Cooperative Grasping and Transportation using Multi-agent Reinforcement Learning with Ternary Force Representation

TL;DR

This study proposes multi-agent reinforcement learning (MARL) with ternary force representation, a force representation that maintains consistent representation against variations in grasping environment, and demonstrates the robustness of the proposed method to changes in grasping force, object size and geometry as well as inherent sim2real gap.

Abstract

Cooperative grasping and transportation require effective coordination to complete the task. This study focuses on the approach leveraging force-sensing feedback, where robots use sensors to detect forces applied by others on an object to achieve coordination. Unlike explicit communication, it avoids delays and interruptions; however, force-sensing is highly sensitive and prone to interference from variations in grasping environment, such as changes in grasping force, grasping pose, object size and geometry, which can interfere with force signals, subsequently undermining coordination. We propose multi-agent reinforcement learning (MARL) with ternary force representation, a force representation that maintains consistent representation against variations in grasping environment.

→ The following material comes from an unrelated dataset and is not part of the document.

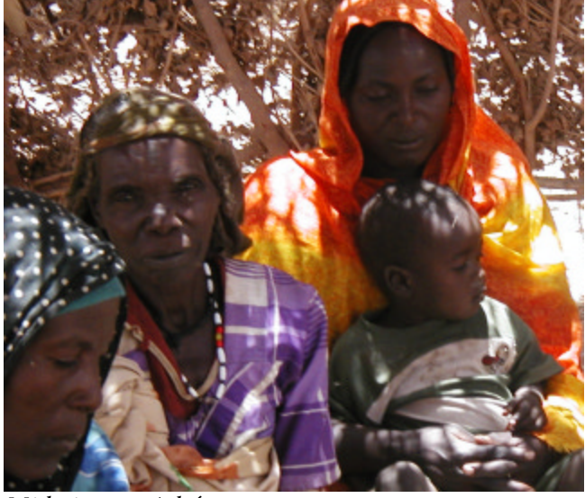
Midwives at Adré.

The simulation and real-world experiments demonstrate the robustness of the proposed method to changes in grasping force, object size and geometry as well as inherent sim2real gap.

Figures (5)

• Figure 2: Cooperative grasping and transportation by two HSRs through implicit communication via force-sensing feedback.
• Figure 3: Asysmetric actor-critic-based MARL framework with ternary force representation. Even though the raw force signals differ between training and execution, converting raw force signals to the representation with consistent values of -1, 0, or 1 ensures consistency and retains informative values despite variations in the grasping environment.
• Figure 4: Simulation environment for cooperative grasping and transportation.
• Figure 5: Cumulative rewards of evaluated methods.
• Figure 6: Successive frames of two HSRs trained by our method successfully grasp and transport an object to the target position. (1) Initially, the two robots are placed randomly around the object. (2) The robots approach their respective grasping points. (3) Robot 2 successfully grasps the object first and waits for Robot 1 to complete its grasp. (4) Robot 1 then grasps the object. The robot that first grasps the object detects its partner’s grasp by observing changes in the force signals and the orientation of the object. (5) After both robots have securely grasped the object, they lift it together. (6-7) They transport the object toward the target, coordinating through ternary force representation. (8) Finally, the object reaches the target position.